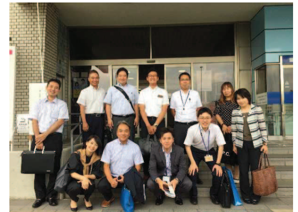
➤ 日田市視察団 ・この視察を通じ、中小企業者自らが中心となり課題研究等を行う決意を持った
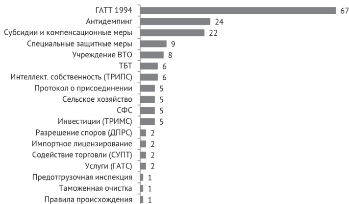
Рис. 2. Тематика по соглашениям споров ВТО, к которым Россия присоединилась в роли третьей стороны, по данным на конец 2022 г.

В среднем за прошедшие 10 лет участия в ВТО Россия присоединялась примерно к 10 спорам в год. Чаще всего Россия присоединяется к спорам по мерам, затрагивающим сельскохозяйственные и продовольственные товары, металлургическую, автомобильную и авиастроительную промышленность, химическую промышленность, древесину и изделия из нее, возобновляемые источники энергии (ВИЭ). Что касается соглашений, охватывающих споры, к которым Россия присоединилась в роли третьей стороны (один спор, как правило, охватывает несколько соглашений), то на рис. 2 и в табл. 14
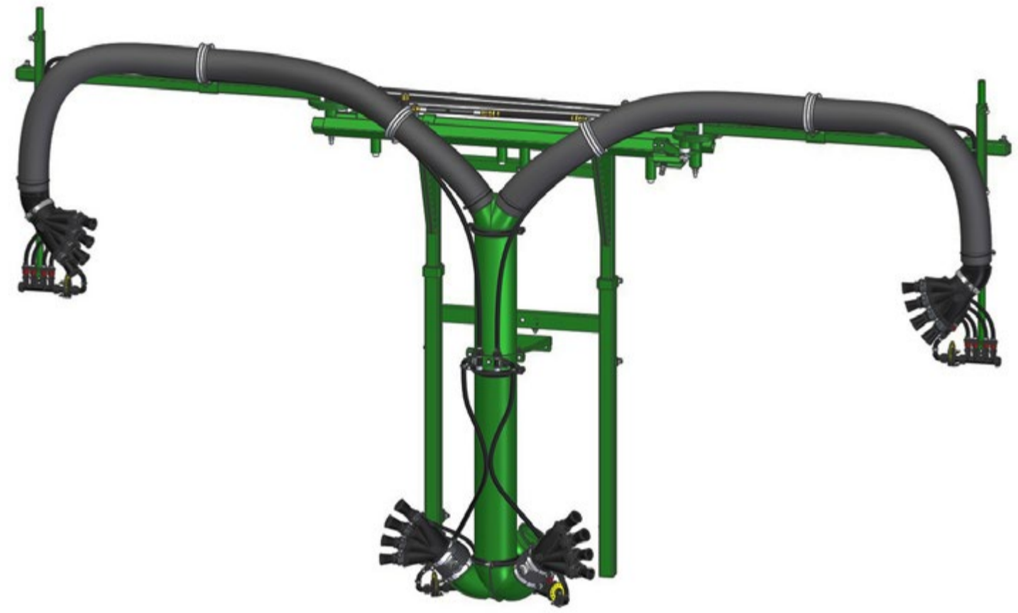
GREEN HUG - TESTATA 2 MANI + 2 MANI CON MOVIMENTAZIONE IDRAULICA PER REGOLAZIONE IN LARGHEZZA E CHIUSURA
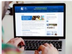
Novo site Institucional e novo portal do Aprendiz
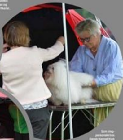
Skou stiger præsentation Danish Kennel Klub kommer man helt tæt på sandske Netværke frunde.
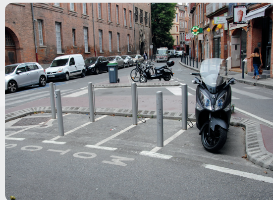
Huit nouvelles places sécurisées rue Gambetta.

➤ Par ailleurs de nouveaux emplacements sont progressivement aménagés, pour densifier et mieux équilibrer l'offre de stationnement en centre-ville.
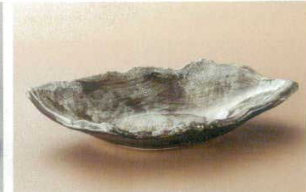
05225-459 梅花皮 黒ちぎり角中鉢 2,100円 40入 (23.4×14.5×4.7cm)
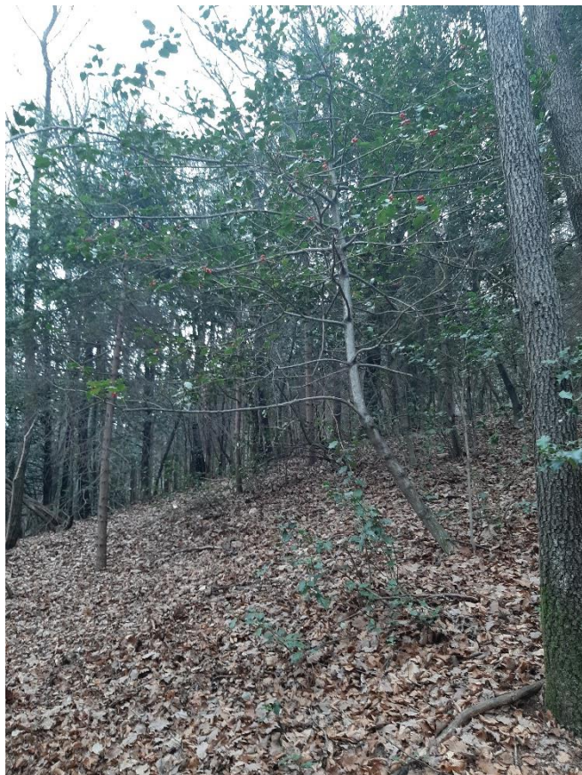
Figura 1: scatto dal punto 1 (vedi formulario NaiS 1)

Foto dagli angoli in direzione diagonale all'altro capo della parcella e centro
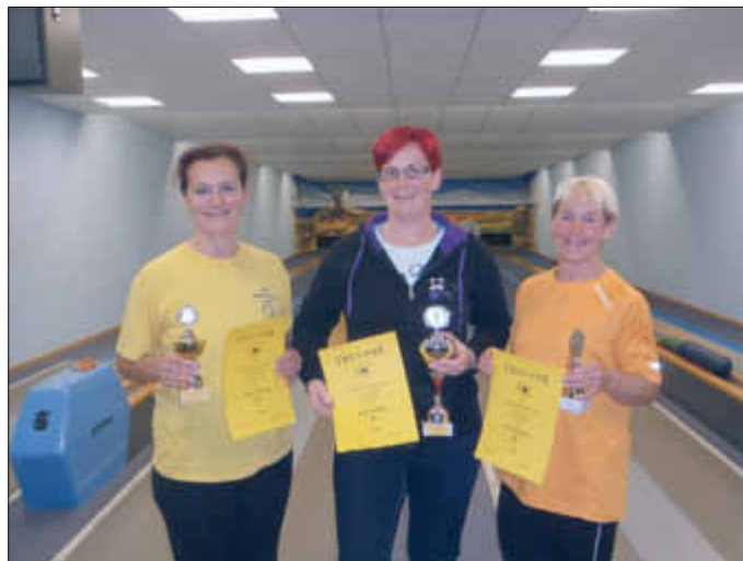
Die Pokalgewinner bei den Damen

Spendenbescheinigungen werden ausgestellt
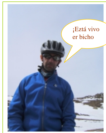
¡Eztá vivo er bicho

Algunas fotografías del ascenso hasta el cruce bajo el Buitre.
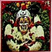
॥ श्री ज्ञानेश्वर महाराज ॥
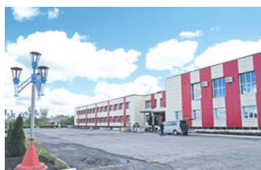
Голубинская школа дождётся капремонта
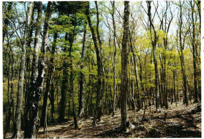
▲ この春の場所です。少しづつ一人独占しました。 冬の原生林です。少しづつ

» PROBLEM TO SOLVE: Show the lines above with "Россия".

» RESULT OF THIS TASK:
Рис. 2. Тематика по соглашениям споров ВТО, к которым Россия присоединилась в роли третьей стороны, по данным на конец 2022 г.
В среднем за прошедшие 10 лет участия в ВТО Россия присоединялась примерно к 10 спорам в год. Чаще всего Россия присоединяется к спорам по мерам, затрагивающим сельскохозяйственные и продовольственные товары, металлургическую, автомобильную и авиастроительную промышленность, химическую промышленность, древесину и изделия из нее, возобновляемые источники энергии (ВИЭ). Что касается соглашений, охватывающих споры, к которым Россия присоединилась в роли третьей стороны (один спор, как правило, охватывает несколько соглашений), то на рис. 2 и в табл. 14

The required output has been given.